Two computerized tests were displayed on a 15.6-inch laptop screen. First, the control test consisted of two tasks designed to assess participants’ VSA. Second, the main test required subjects to memorize a soccer scene and reproduce it on a printed paper. This video-based tactical scene was filmed in two distinct versions using an Ultra HD camera, strategically set up on a tripod 1.5 meters from the whiteboard. During the visualization phase, eye movements were recorded using a head-worn, wireless eye-tracker (Tobii Pro Glasses 2, 50 Hz; Tobii AB, Danderyd, Sweden) connected to a 13-inch Dell computer. The recording was managed with Tobii Pro Glasses Controller software (version 1.95), and the data were analyzed using Tobii Pro Lab software (version 1.241).

Measures

Procedure

Participants were randomly divided into two groups of 27 each: dynamic-drawing group and static-drawing group. First, they performed the control test, then proceeded to the main test. At the end of the video presentation, participants were asked to complete Likert scale items assessing the overall mental effort invested in memorization. To measure intrinsic load, participants answered the item ‘How much mental effort did you invest?’ (Paas, 1992). Extraneous load was evaluated through the item ‘How difficult was it to learn with the material?’ (Hasler et al., 2007). Finally, germane load was measured using the item ‘How much did you concentrate during learning?’ (Cierniak et al., 2009). A global score was calculated as the average of responses ranging from 1 (very low) to 9 (very high). Right after, in order to complete the recall test, participants received a sheet of paper featuring a blank football field diagram. Their task was to sequentially reconstruct the game system’s progression from action 1 to action 6 by precisely placing players and/or the ball in their respective positions. An independent evaluator reviewed each reconstruction, awarding one point for each correctly placed player and/or ball and zero for incorrect placements (Chikha et al., 2024). Additionally, the time each participant took to complete the recall test was measured in seconds.

Data Analysis

To evaluate participants’ ability to memorize the tactical scene, learning efficiency was calculated using the three-dimensional formula by Tuovinen and Paas (2004), based on recall accuracy, overall mental effort invested during the test, and recall time. The formula standardizes the raw values of each of the three variables through z-transformation.

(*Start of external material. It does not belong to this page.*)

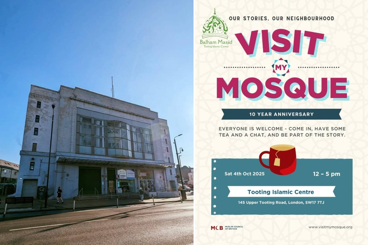 Tooting Islamic Centre hosts a community open day this Saturday, 4 October. Part of the national Visit My Mosque Day at Tooting Islamic Centre, locals of all faiths and none are invited to explore the Mosque, learn about its history and significance to Muslim and civic life, and meet those who worship there.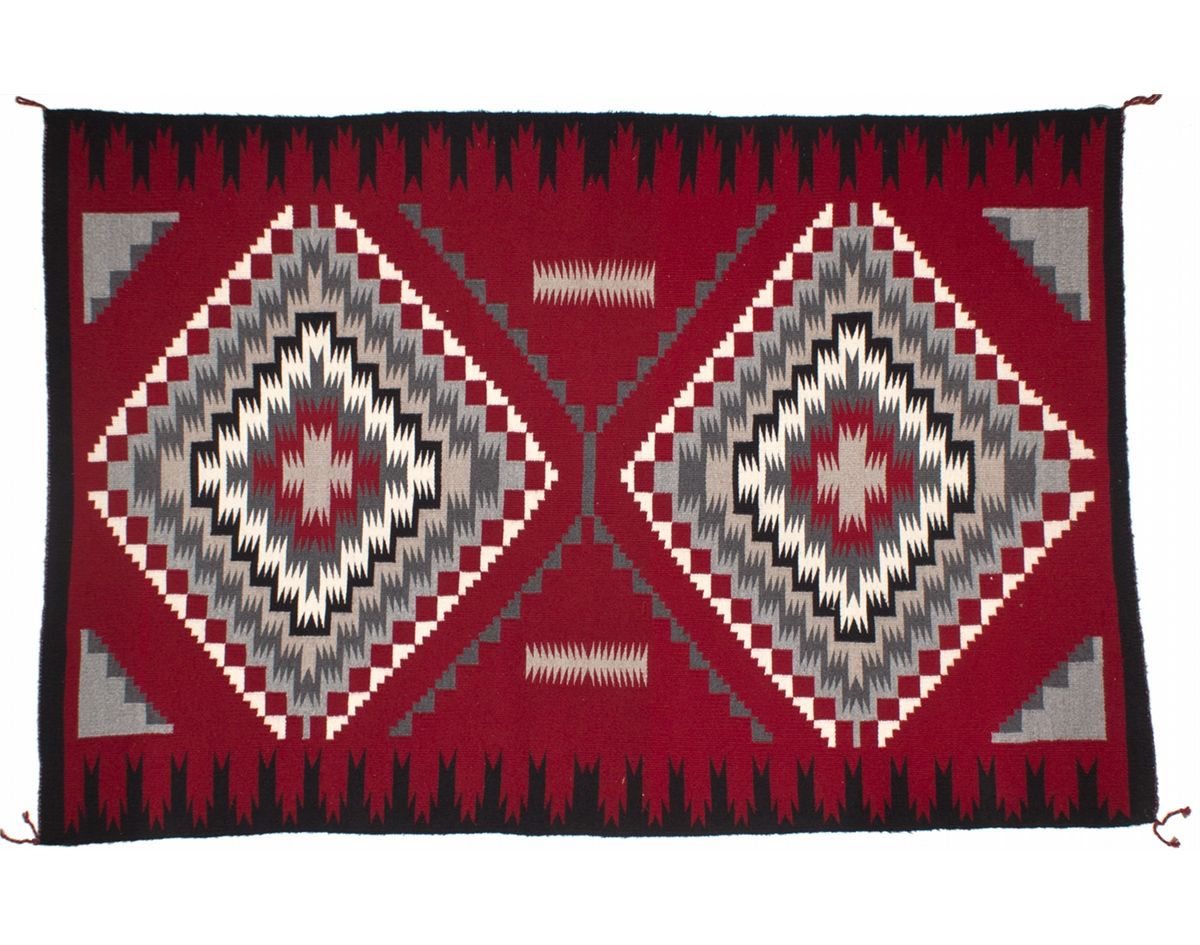 This 45 x 69 rug features tightly woven, finely detailed serrated patterns in traditional red, black, heather, natural, light grey, and dark grey colored wools. Excellent condition. This rug features clear lazy or sectional lines, which indicate that the weaver worked on one section, moved on to another section, and then the two sections met to form a diagonal join. Navajo rug authenticity is established through several indicators, and the presence of lazy lines is one such sign of authenticity. Machine made rugs do not feature lazy lines, and most other weaving cultures do not work in the same way that Navajo weavers do. From the Tahoe Wovoka Estate Collection. Wovoka Collection HKA#63123

Learning efficiency = ( Recall Z accuracy − o Z verall mental effort − t Z ime ) / 3

(Tuovinen & Paas, 2004)

The direct effects of each predictor, along with the moderating effect of VSA on the relationship between the experimental condition (dynamic-drawing and static-drawing) and the four dependent variables, learning efficiency, ADF, AAS, and APVS, was assessed using Model 1 of the PROCESS macro (Hayes, 2013). Preacher and Hayes (2008) PROCESS macro, developed as an SPSS extension, is a valid statistical tool for testing moderation effects in complex models. It also facilitates path and mediation analyses through the use of ordinary least squares regression (Hayes et al., 2017). Continuous predictor variables were mean-centered, and the analysis was conducted with 5,000 bootstrap samples at a 95% confidence level for the computed confidence intervals. A significance threshold of p ≤ .05 was applied to all analyses. Four separate moderation analyses were conducted, with VSA as the moderating variable and learning efficiency, ADF, AAS, and APVS as the dependent variables.

Learning Efficiency

The analysis for learning efficiency revealed a significant regression model, R ² = .29, p < .001. The regression analysis revealed no main effect of condition [β = −.56, se = .35, p = .11] but a significant main effect of VSA [β = .06, se = .01, p < .001] on learning efficiency. High-VSA were more efficient in memorizing the tactical scenes than low-VSA. Notably, an interaction between VSA and condition [β = −.09, se = .03, p = .01] was observed. Participants with high-VSA memorized the tactical scene better in the dynamic-drawing condition than the static-drawing condition (p < .001), while participants with low-VSA benefited equally from both conditions (Figure 2).OPEN IN VIEWER

Average Duration of Fixations

The analysis for the ADF revealed a significant regression model, R ² = .55, p < .01. The regression analysis revealed a significant main effect of condition [β = 97.44, se = 25.81, p < .01], indicating that participants in the dynamic-drawing condition had longer fixations compared to the static-drawing condition. There was also a significant main effect of VSA [β = 29.06, se = 4.57, p < .001], showing that participants with high-VSA tended to have longer fixations than those with low-VSA. Importantly, a significant interaction between VSA and condition was observed [β = −19.31, se = 2.82, p < .001]. Learners with high-VSA had shorter fixations in the dynamic-drawing condition than in the static-drawing condition (p = .01). However, learners with low-VSA exhibited the opposite pattern, showing longer fixations in the dynamic-drawing condition compared to the static-drawing condition (p < .001) (Figure 3, ADF).OPEN IN VIEWER

Average Amplitude of Saccades

The analysis for the AAS revealed a significant regression model, R ² = .18, p = .01. The regression analysis did not reveal a main effect of condition [β = .25, se = .16, p = .12]. However, a significant main effect of VSA was emerged [β = −.07, se = .02, p < .01], indicating that participants with high-VSA exhibited shorter saccades compared to those with low-VSA. Moreover, there was a significant interaction effect between condition and VSA on AAS [β = .04, se = .01, p < .05]. Participants with high-VSA had longer saccades in the dynamic-drawing condition compared to the static-drawing condition (p < .001). In contrast, participants with low-VSA had an equivalant saccades amplitude across both of conditions (Figure 3, AAS).

Average Peak Velocity of Saccades

The analysis for the APVS revealed a significant regression model, R ² = .47, p < .001. The regression analysis indicated a significant main effect of condition [β = 8.24, se = 2.54, p < .01], with participants demonstrated faster saccades in the dynamic-drawing condition than in the static-drawing condition. A significant main effect of VSA was also identified [β = −2.37, se = .45, p < .001], indicating that participants with high-VSA had slower saccades relative to those with low-VSA. Additionally, there was a significant interaction effect between condition and VSA [β = 1.61, se = .28, p < .001]. Participants with high-VSA, had faster saccades in the dynamic-drawing condition compared to the static-drawing condition (p < .001). Conversely, for participants with low-VSA, saccades were slower in the dynamic-drawing condition compared to the static-drawing condition (p < .05) (Figure 3, APVS).